Unconventional investors win.


If you wear a parachute, you probably will never learn how to fly. It is about deep discipline. It is about high motivation. Only when a person is being pushed to the very edge, is left with no choices, that he/she faces the singular reality — either you fight, or you die. When there is no escape button, a person’s superpower comes out. When you are not wearing a parachute, your life becomes terrifyingly simple. Either you become the best or you become nothing. There is nothing in between. You have no choice but to aim high and work hard!

Be cynical. Agreeing to everything means you become part of the crowd. Caring too much about how others see you means you become the consensus. Think independently. Challenge the status quo. Do not trust your own eyes and ears. Think twice. Think three times.

The investment industry is full of people with privileged backgrounds, golden resumes, and desirable traits. They are highly articulate and super presentable. To me, appearance is appearance; truth is truth. Being articulate does not mean the speaker knows what he/she is talking about. Writing well does not mean the writer knows what he/she is writing about. Do not let yourself be influenced by the other person’s look, accent, or overall presentation. Form your own judgement. Seek truth.


Investing is not a business. Business is business; Investing is investing; the two are different. Successful business primarily benefits the shareholders of an investment organization; successful investing primarily benefits funds’ investors. Collecting fees is very reliable and extremely profitable; delivering strong investment results requires a combination of hard work and good luck. The former is easy; the latter is hard. Investors are smart: they understand collecting “fee coupons” is a sure path to being ridiculously rich. For most investors, no day would pass without them thinking about how to keep and attract clients. By doing so, investors stop being “investors” but becoming “business operators.” Building a great business will not lead to successful investing; but successful investing can lead to a great business. Few have the courage to stay true to where he/she originally starts.

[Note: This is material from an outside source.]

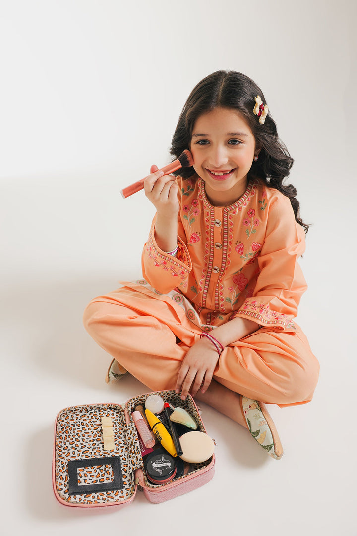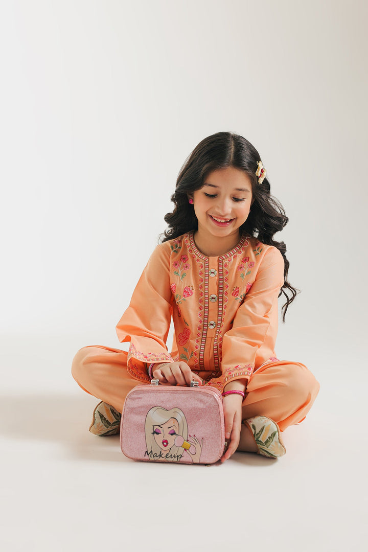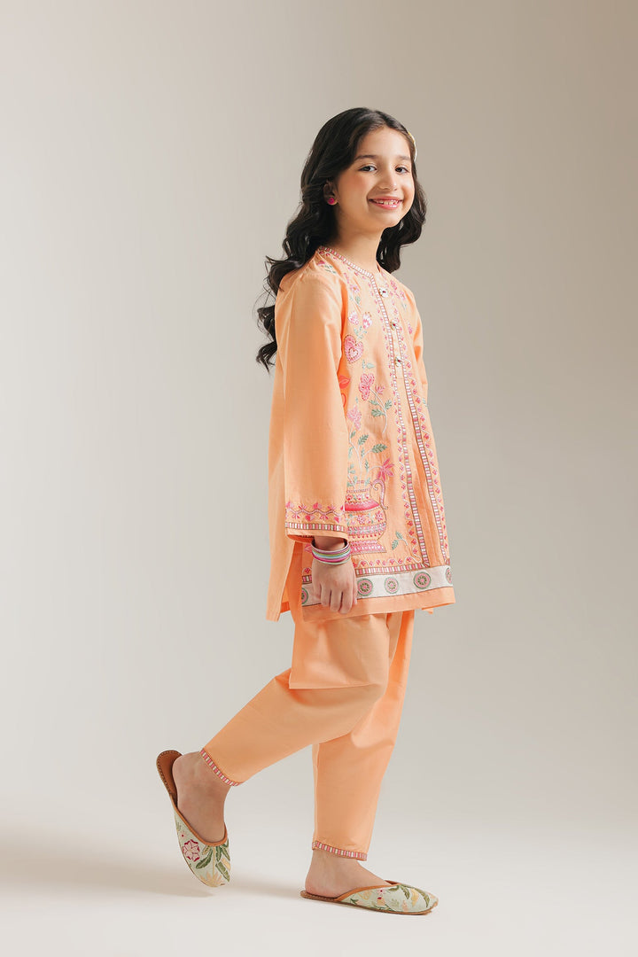 A sophisticated ensemble featuring a modern silhouette shirt embellished with vivid floral embroidery showcasing traditional design elements. Complemented by an elegantly embroidered shalwar, this refined outfit presents an ideal choice for young ladies attending festive gatherings, perfectly balancing contemporary style with cultural artistry.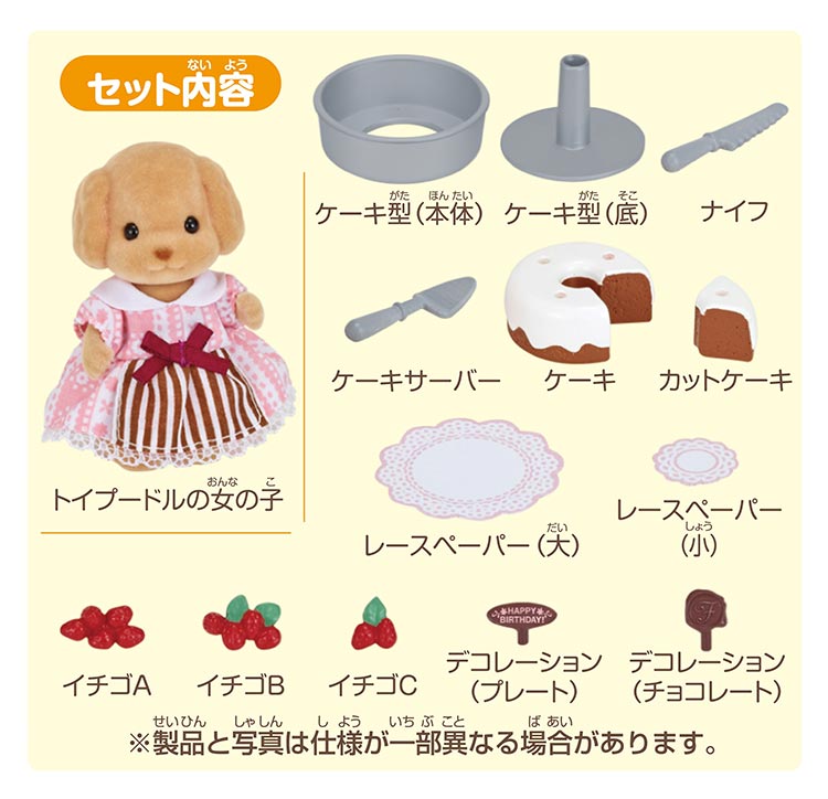 商品名VS-05 シルバニアファミリー かわいいパティシエセット サイズ125×130×50mm 品番VS-05 メーカーエポック社 補足【おもちゃ】【シルバニアファミリー】【トイプードル】【1604】 商品説明パティシエ風のお洋服を着たトイプードルの女の子と、かわいいケーキ、ケーキ作りの小物セットです。

Keep learning. Be open-minded. Success breeds complacency. Complacency leads to rigidity. A rigid mind is not creative. There is so much confidence and pride in a rigid mind that it suffers a lack of imagination. By the time a rigid mind realizes it has a big problem, it is already too late. Rigid minds are doomed to become obsolete, marginalized, and forgotten. Their only destiny is history’s dustbin. To avoid that, I must keep learning. I must be open-minded.


By chance and totally not by design, I was raised in a little unique environment. My mother was among the first generation of retail investors in Mainland China, trading A-shares from the very beginning of modern China’s capital markets. I grew up watching her trade. By middle school, I already knew how to read stock charts and how to find patterns. I had, however, never taken investing so seriously until halfway through my MBA study at Yale.

After taking a full loop, here I am again. Aim high. Work hard. Be kind.